The National Urban Health Mission has been allocated Rs 875 crore, up from 752 crore. Clearly, urban health has been given priority. Allocation for the Pradhan Mantri Swasthya Suraksha Yojana (which includes setting up of AIIMS-like institutes, upgradation of government medical colleges, etc.) increased by Rs 650 crore in nominal terms, but the allocation for upgrading district hospitals was reduced by 14.5% in real terms, as pointed out here.

Then, of course, is the announcement that has attracted the maximum attention—the National Health Protection Scheme—an insurance scheme aimed at benefitting 10 crore poor families by providing a yearly cover of up to Rs 5 lakh per household for secondary and tertiary care hospitalisation.

However, no allocation has been made for it, and it seems to be a repackaging of the Rashtriya Swasthya Bima Yojana (RSBY), which has been allocated around Rs 2,000 crore.
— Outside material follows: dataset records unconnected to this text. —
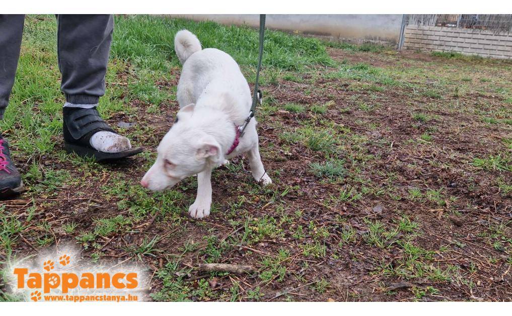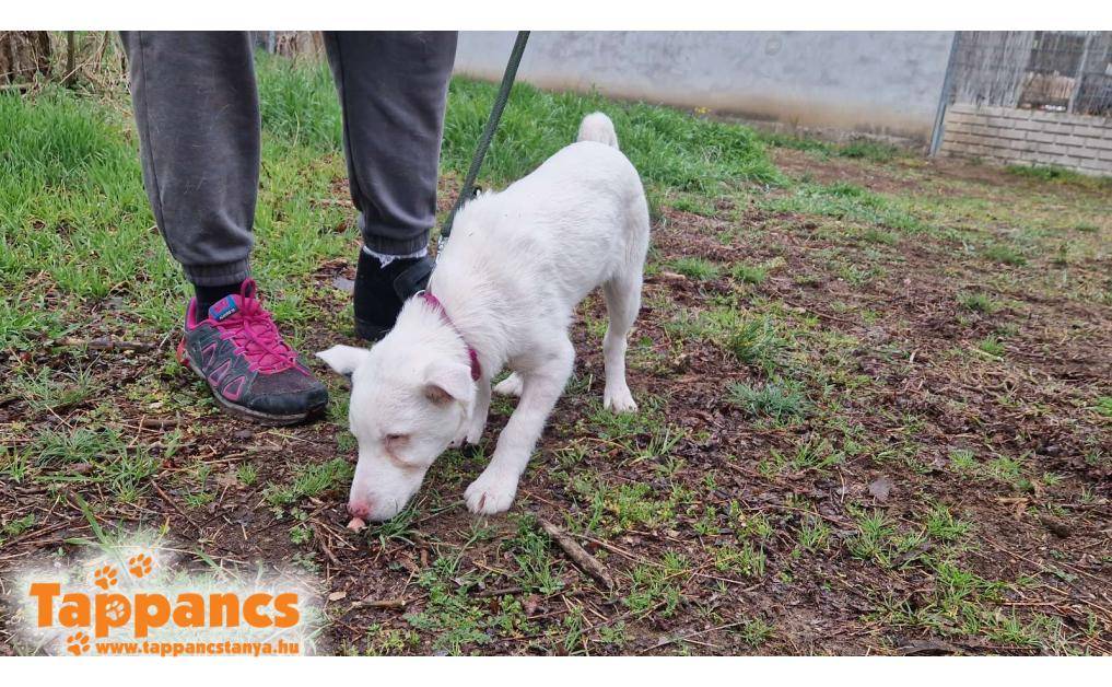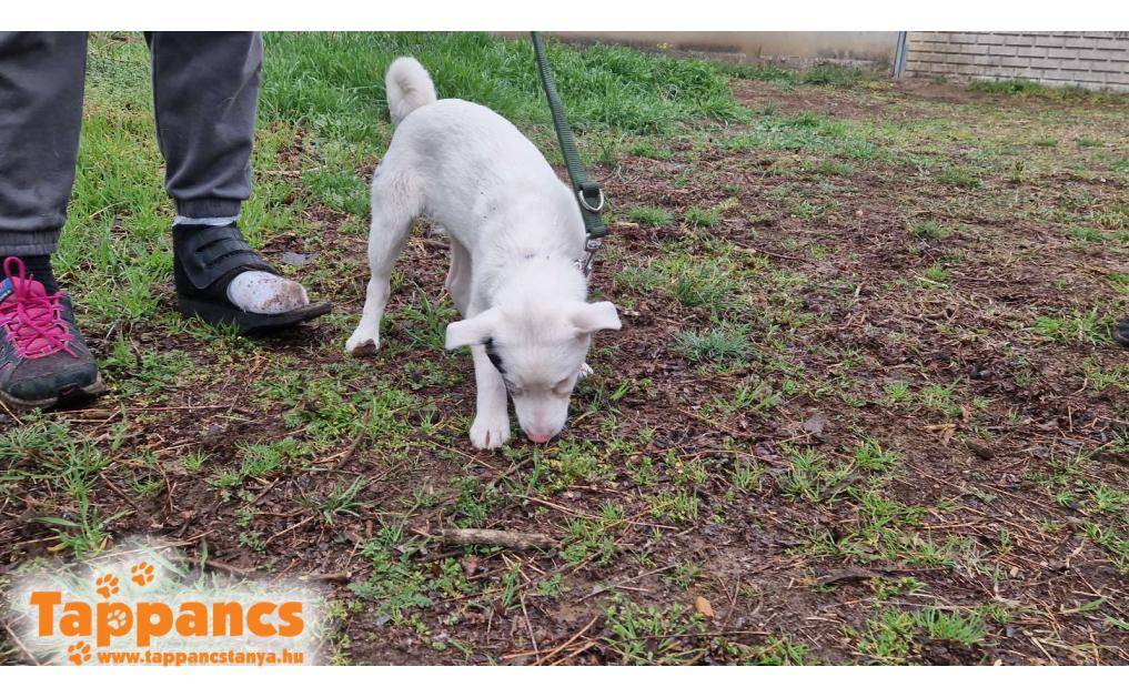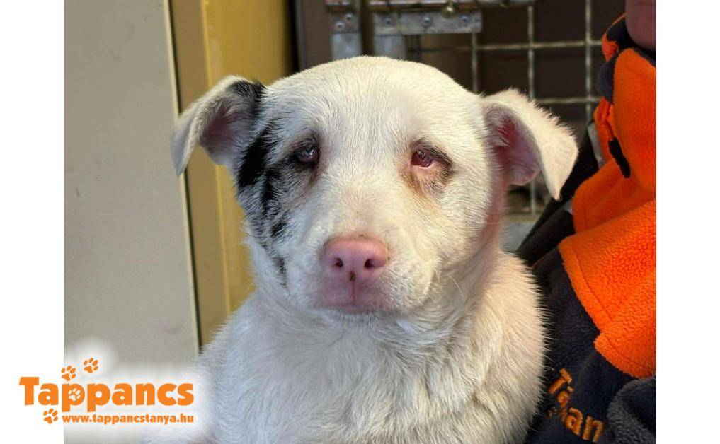 Balástya és Zsombó között az autópálya lehajtónál bóklászott. Vaknak és süketnek tűnik, így szegény nagyon meg volt ijedve. Miután bekerült járt állatorvosnál, és lehet, hogy csekélyen, de hall valamennyit. Bekerülése óta megismeri már a gondozókat, és igazi kis rosszcsont kölyök lett belőle.
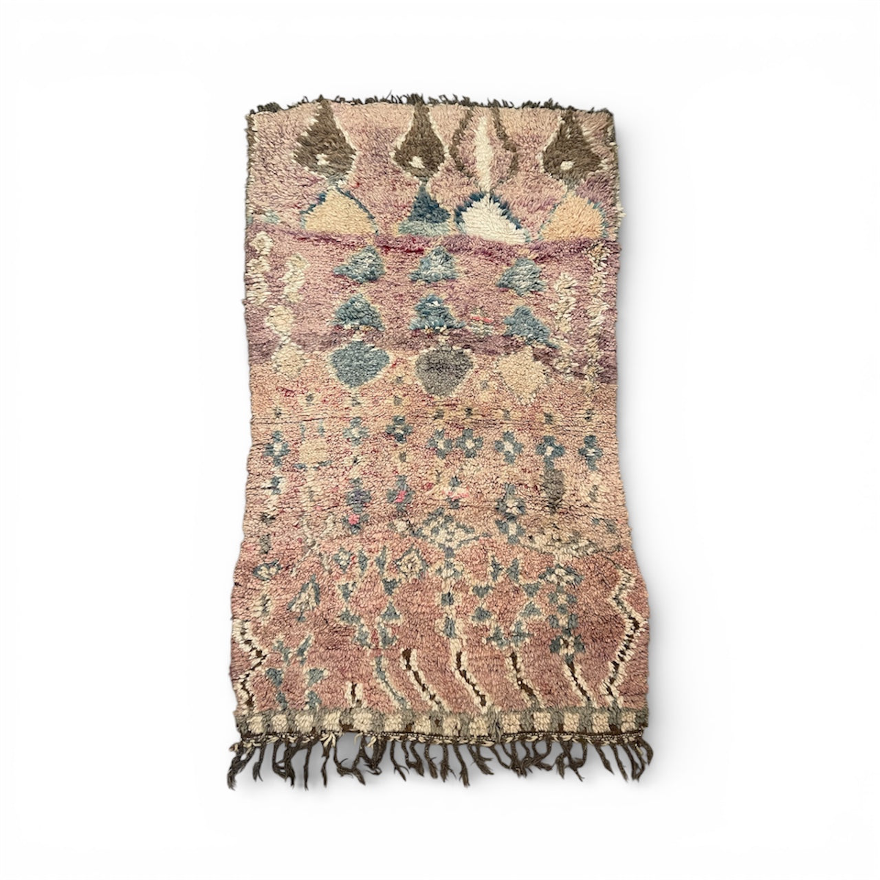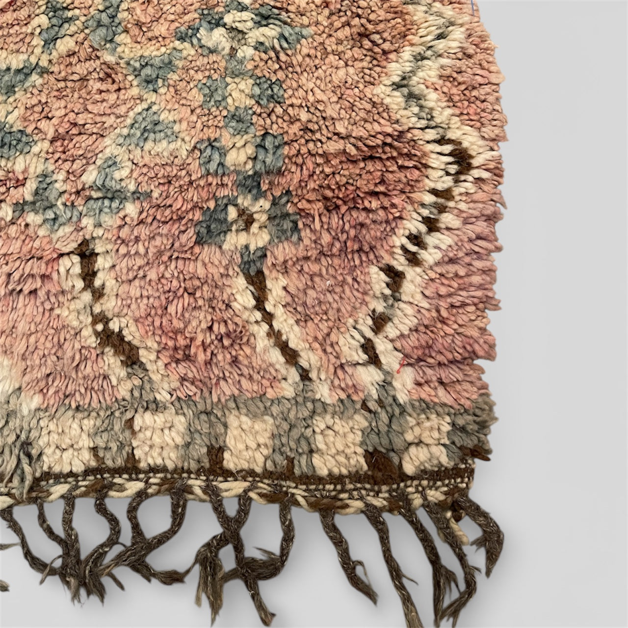 Marokkansk vintage uld gulvtæppe håndvævet af berber kvinder i Atlasbjergene.
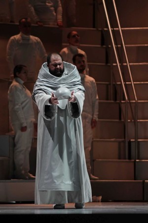 Anna Maria Chiuri als Favoritin Leonora ist zwar keine Belcantospezialistin und hatte mit manch höherem Ton dieser nach ihrer ersten Interpretin benannten Falcon-Rolle ihre Schwierigkeiten, aber die stabile Mittellage und vor allem die Expressivität der Rezitative und insgesamt die Intensität machten ihre Interpretation zu einer überzeugenden. In der mit sovracuti gespickten Rolle des Fernando gefiel Celso Albelo mit sicheren Höhen seines angenehm timbrierten Tenors, der allerdings mehrfach nasal klang. Er hätte für seine Auftritte einen richtigen Regisseur gebraucht, wie auch Simone Piazzola, der dem König seinen schönen Bariton, der weiter an Volumen zugelegt zu haben scheint, lieh, aber mit hängenden Schultern und schlurfendem Gang seinem Rang nicht gerecht wurde. Da wäre auch Tommaso Lagattolla gefordert gewesen, der die – mit Ausnahme des absurden Kopfputzes der Damen – an sich hübschen Kostüme entworfen hatte. Einen ausgezeichneten Eindruck hinterließ der Koreaner Simon Lim mit donnerndem Bass als strenger Baldassare. Um ihn endgültig zu beurteilen würde ich ihn gerne in einer Rolle hören, wo auch Weichheit gefragt ist. Vorzüglich war Renata Campanella als Ines mit klarem, leichtem Sopran, und auch Andrea Galli (Tenor) ist für seine überzeugende Gestaltung des heimtückischen Don Gasparo zu loben.

This amount is clearly not enough to provide health coverage up to Rs 5 lakh per family for 10 crore households. Besides, the scheme has been criticized earlier for increasing out of pocket expenditure and exclusion of the poorest.

Previous experience has shown how insurance schemes only serve to add to the profits of the private hospitals, and even prompt hospitals to prescribe unnecessary procedures just because patients have insurance.

The idea in this budget seems to be that while the government cuts public expenditure to create a quality and affordable healthcare ecosystem, it is encouraging private players as well as patients to seek private help increasingly with the fillip of the insurance scheme, being billed as the world’s largest public-funded healthcare programme.

It is no wonder that 50.6 million people were pushed below the poverty line due to out-of-pocket spending on healthcare between 2004 and 2014.